RECORD EXTRACTS ->
□ □ □ □ □

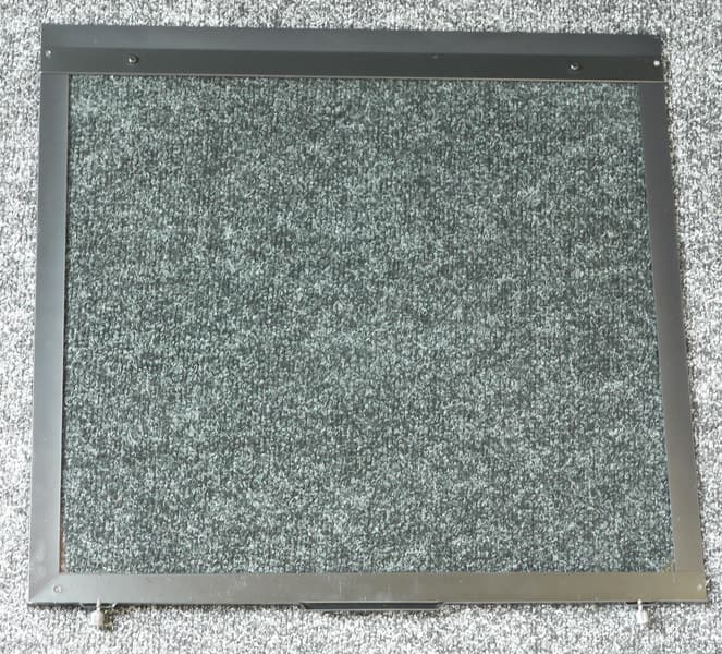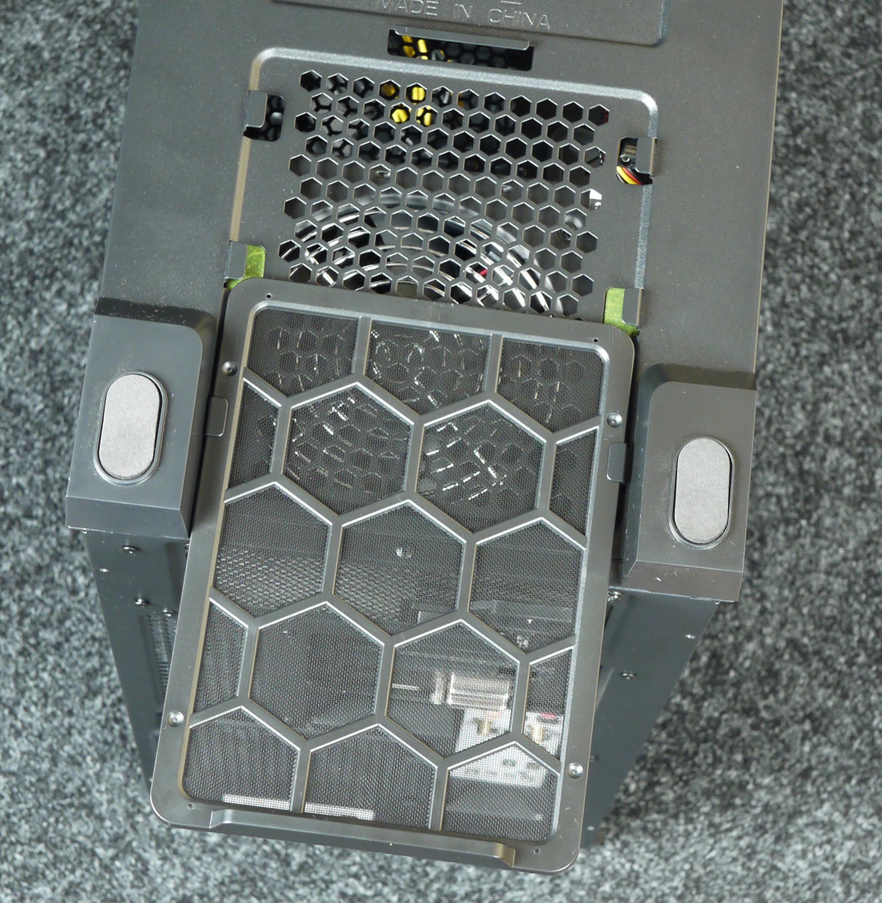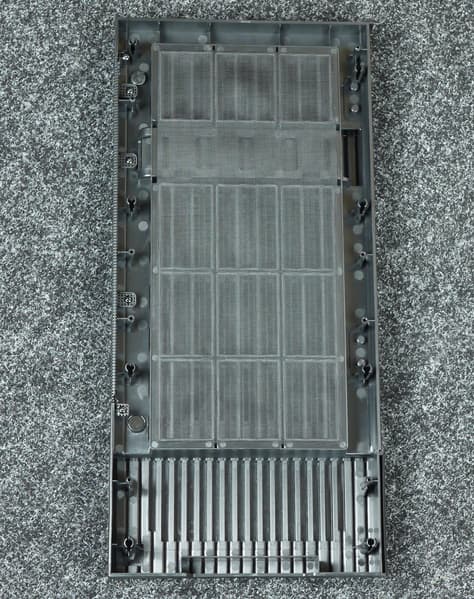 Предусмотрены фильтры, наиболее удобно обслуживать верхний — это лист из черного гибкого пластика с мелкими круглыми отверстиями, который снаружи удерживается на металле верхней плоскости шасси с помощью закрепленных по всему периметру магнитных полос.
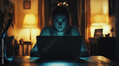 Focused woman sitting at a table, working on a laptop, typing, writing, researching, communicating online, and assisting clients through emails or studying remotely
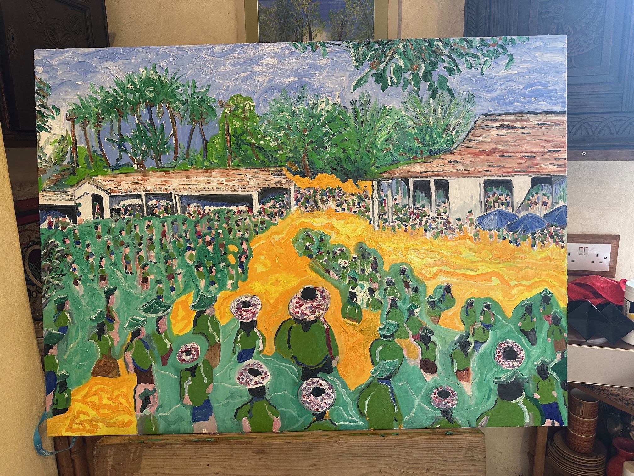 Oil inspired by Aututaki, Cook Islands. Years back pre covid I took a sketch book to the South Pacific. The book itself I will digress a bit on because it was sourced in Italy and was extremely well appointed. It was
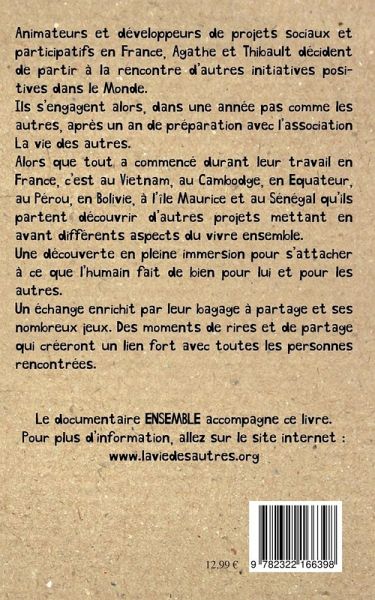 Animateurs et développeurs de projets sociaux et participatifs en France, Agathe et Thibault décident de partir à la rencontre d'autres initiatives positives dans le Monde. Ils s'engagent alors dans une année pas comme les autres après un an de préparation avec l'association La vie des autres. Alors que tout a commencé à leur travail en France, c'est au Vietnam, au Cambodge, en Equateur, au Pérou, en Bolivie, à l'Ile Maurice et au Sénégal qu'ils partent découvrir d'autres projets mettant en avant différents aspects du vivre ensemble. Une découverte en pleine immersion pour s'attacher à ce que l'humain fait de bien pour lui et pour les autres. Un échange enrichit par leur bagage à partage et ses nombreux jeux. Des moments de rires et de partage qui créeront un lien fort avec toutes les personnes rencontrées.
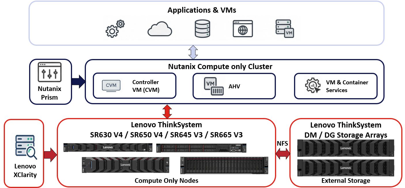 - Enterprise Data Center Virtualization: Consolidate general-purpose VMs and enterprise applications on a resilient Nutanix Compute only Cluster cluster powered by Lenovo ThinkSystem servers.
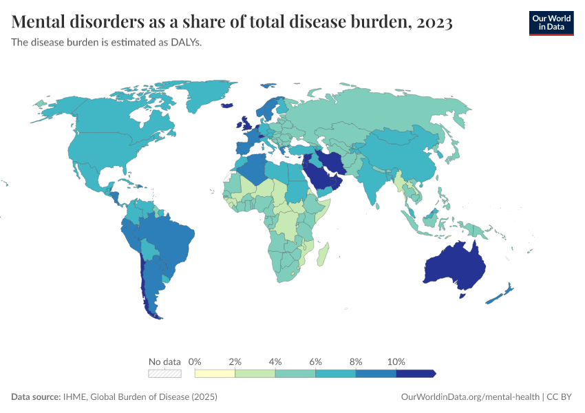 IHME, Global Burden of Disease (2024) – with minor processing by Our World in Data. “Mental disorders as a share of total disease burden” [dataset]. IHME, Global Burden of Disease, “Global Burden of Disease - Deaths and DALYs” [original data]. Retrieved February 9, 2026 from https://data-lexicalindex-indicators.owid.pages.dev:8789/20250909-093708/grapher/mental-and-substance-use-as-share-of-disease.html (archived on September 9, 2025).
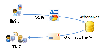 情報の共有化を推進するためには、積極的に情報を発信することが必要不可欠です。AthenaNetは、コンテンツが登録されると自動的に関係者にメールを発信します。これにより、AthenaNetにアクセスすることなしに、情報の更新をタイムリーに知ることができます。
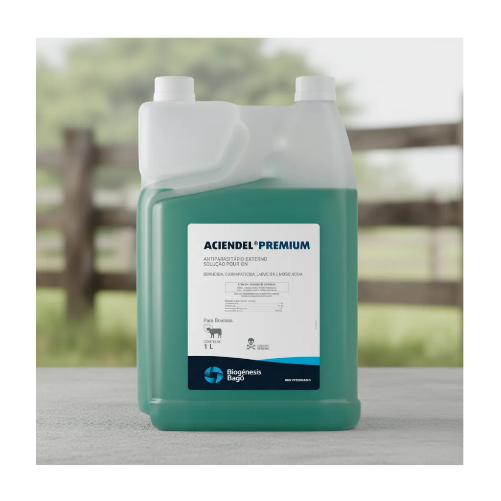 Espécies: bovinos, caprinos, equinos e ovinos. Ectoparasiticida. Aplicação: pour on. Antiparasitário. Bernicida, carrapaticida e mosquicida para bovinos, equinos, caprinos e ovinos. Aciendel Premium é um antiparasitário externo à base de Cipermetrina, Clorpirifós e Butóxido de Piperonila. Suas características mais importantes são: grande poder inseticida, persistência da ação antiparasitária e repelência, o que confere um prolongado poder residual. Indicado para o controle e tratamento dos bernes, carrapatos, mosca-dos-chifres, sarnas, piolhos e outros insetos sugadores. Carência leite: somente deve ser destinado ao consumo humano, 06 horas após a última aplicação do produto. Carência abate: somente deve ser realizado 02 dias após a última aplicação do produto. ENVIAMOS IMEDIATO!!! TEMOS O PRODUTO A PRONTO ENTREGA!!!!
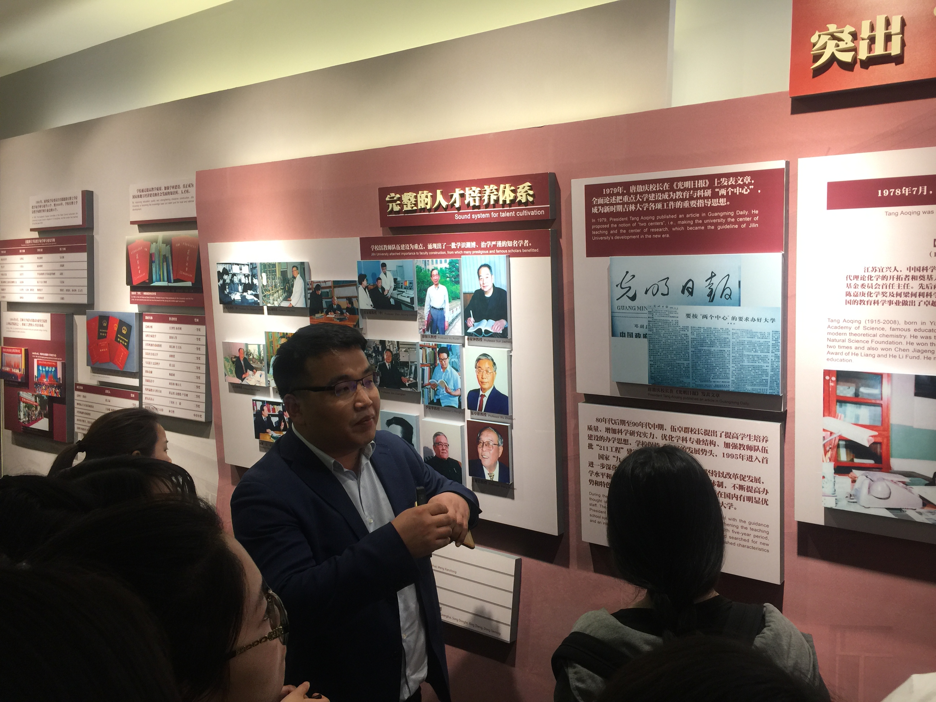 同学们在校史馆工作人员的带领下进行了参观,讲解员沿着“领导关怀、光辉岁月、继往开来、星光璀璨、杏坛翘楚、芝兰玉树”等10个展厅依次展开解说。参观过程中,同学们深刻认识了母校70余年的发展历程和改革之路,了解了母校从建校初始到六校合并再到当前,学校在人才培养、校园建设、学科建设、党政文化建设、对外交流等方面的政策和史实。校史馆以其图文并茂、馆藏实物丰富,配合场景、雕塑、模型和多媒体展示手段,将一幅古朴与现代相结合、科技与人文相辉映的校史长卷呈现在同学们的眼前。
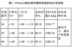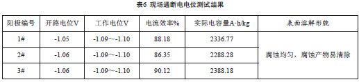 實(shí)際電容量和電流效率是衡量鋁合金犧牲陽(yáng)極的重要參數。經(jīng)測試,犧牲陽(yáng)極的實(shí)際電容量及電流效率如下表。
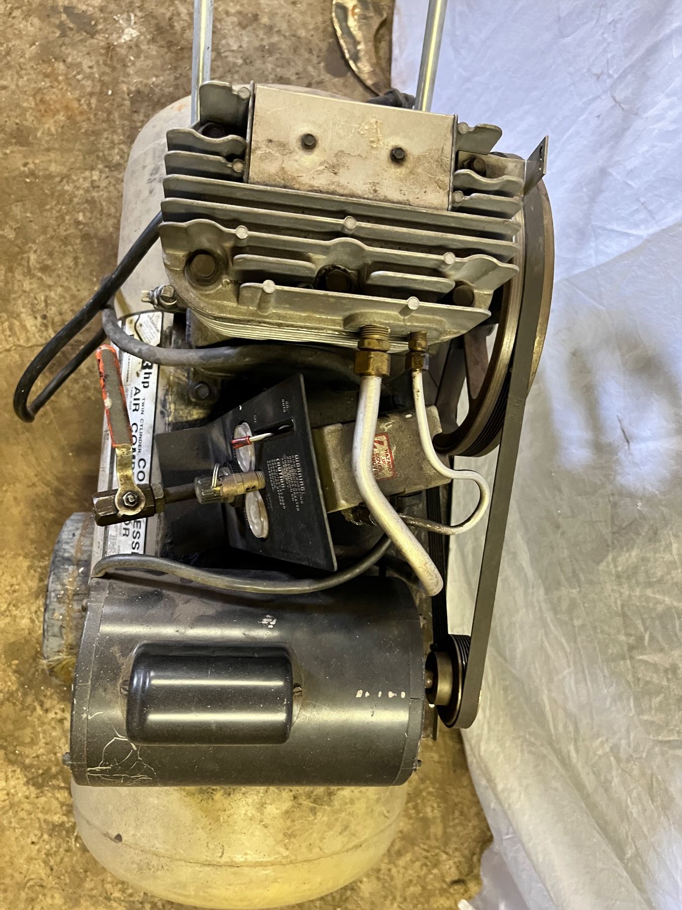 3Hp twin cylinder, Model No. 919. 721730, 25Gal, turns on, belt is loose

□ □ □ □ □

WORK REQUIRED ->
With the pictures left out, write out exactly the lines above from the one containing "同学们在校史馆工作人员的带领" through the one containing "實(shí)際電容量和電流效".

EXPECTED OUTPUT ->
 同学们在校史馆工作人员的带领下进行了参观,讲解员沿着“领导关怀、光辉岁月、继往开来、星光璀璨、杏坛翘楚、芝兰玉树”等10个展厅依次展开解说。参观过程中,同学们深刻认识了母校70余年的发展历程和改革之路,了解了母校从建校初始到六校合并再到当前,学校在人才培养、校园建设、学科建设、党政文化建设、对外交流等方面的政策和史实。校史馆以其图文并茂、馆藏实物丰富,配合场景、雕塑、模型和多媒体展示手段,将一幅古朴与现代相结合、科技与人文相辉映的校史长卷呈现在同学们的眼前。
 實(shí)際電容量和電流效率是衡量鋁合金犧牲陽(yáng)極的重要參數。經(jīng)測試,犧牲陽(yáng)極的實(shí)際電容量及電流效率如下表。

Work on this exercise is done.